Question

1. You dissolve 5.00 g sodium hydrogen oxalate (NaHC2O4 ) in suffircient water to produce a final solution volume of 100.0 mL. Assuming all of the solid dissolves, calculate the pH of this solution.

2. You dissolve 5.00 g of sodium oxalate (Na2C2O4) in sufficient water to produce a final solution volume of 100.0 mL. Assuming all of the solid dissolves, calculate the solution pH of this solution.

3. You dissolve 5.00 g of sodium hydrogen oxalate and 5.00 g sodium oxalate in sufficient water to produce a final solution volume of 250.0 mL. Assuming both solids dissolve completely, calculate the pH of this solution.

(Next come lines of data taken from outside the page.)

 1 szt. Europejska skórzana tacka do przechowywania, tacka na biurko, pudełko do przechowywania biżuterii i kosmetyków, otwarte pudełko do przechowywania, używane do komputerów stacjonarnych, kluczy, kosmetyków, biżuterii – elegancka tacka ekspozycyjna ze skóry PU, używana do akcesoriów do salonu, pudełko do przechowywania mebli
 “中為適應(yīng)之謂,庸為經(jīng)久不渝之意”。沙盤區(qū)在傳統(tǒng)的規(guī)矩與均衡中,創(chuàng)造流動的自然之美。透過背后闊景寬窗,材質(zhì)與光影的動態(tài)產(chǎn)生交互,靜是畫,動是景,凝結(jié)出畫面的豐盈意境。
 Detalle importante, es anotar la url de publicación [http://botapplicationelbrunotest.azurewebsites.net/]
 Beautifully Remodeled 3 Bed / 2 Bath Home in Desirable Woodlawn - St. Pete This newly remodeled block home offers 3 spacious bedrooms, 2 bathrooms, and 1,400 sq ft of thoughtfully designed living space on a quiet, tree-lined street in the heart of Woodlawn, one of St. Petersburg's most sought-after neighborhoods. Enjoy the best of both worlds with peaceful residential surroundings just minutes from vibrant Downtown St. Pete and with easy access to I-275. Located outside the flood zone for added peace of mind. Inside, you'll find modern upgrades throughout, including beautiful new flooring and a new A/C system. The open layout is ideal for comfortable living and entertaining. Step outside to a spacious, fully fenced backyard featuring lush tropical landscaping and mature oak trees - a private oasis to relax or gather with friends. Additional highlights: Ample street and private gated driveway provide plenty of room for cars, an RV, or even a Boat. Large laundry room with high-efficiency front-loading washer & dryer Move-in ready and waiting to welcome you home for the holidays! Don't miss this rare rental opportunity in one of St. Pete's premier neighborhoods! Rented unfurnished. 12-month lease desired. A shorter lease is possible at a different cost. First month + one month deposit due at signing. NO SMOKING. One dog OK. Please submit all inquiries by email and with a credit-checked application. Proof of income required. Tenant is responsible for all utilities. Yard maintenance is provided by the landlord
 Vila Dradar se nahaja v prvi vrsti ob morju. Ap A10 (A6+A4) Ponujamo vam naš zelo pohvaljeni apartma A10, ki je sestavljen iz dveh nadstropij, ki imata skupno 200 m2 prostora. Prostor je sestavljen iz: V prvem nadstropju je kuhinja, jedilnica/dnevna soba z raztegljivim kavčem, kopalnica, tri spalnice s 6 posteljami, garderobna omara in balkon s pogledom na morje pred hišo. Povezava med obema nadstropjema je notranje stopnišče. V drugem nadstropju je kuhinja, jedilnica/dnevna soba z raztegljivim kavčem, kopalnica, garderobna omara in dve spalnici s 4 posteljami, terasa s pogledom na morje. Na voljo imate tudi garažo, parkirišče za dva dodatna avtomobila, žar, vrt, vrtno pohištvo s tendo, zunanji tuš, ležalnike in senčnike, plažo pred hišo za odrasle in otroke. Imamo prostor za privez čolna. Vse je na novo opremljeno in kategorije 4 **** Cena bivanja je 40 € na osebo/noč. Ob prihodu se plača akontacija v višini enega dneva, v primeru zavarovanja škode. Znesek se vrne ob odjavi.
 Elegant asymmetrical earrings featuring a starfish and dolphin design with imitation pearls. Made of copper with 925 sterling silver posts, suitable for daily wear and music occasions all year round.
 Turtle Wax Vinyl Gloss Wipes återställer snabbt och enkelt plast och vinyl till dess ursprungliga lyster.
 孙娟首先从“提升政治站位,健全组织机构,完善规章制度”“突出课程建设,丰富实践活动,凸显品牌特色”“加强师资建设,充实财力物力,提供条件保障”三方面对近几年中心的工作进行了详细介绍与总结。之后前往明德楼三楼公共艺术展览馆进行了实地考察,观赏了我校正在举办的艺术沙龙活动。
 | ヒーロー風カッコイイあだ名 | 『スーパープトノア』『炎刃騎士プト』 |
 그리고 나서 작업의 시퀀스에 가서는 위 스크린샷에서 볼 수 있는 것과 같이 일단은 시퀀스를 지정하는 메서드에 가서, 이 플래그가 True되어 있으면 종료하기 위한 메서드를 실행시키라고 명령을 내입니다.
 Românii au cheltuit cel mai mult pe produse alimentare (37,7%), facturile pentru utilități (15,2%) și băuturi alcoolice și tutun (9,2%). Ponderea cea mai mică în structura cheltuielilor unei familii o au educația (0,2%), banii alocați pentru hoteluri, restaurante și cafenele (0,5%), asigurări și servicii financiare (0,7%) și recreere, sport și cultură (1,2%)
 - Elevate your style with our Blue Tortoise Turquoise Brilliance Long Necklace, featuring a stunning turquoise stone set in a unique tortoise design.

4. Calculate the pH of the solution prepared in question #3 after 2.00 mL 1.00 M sodium hydroxide is added to it.

5. You dissolve 5.00 g sodium hydrogen oxalate and 1.00 g sodium hydroxide in sufficient water to produce a final solution volume of 250.0 mL. Assuming both solids dissolve completely, calculate the pH of this solution.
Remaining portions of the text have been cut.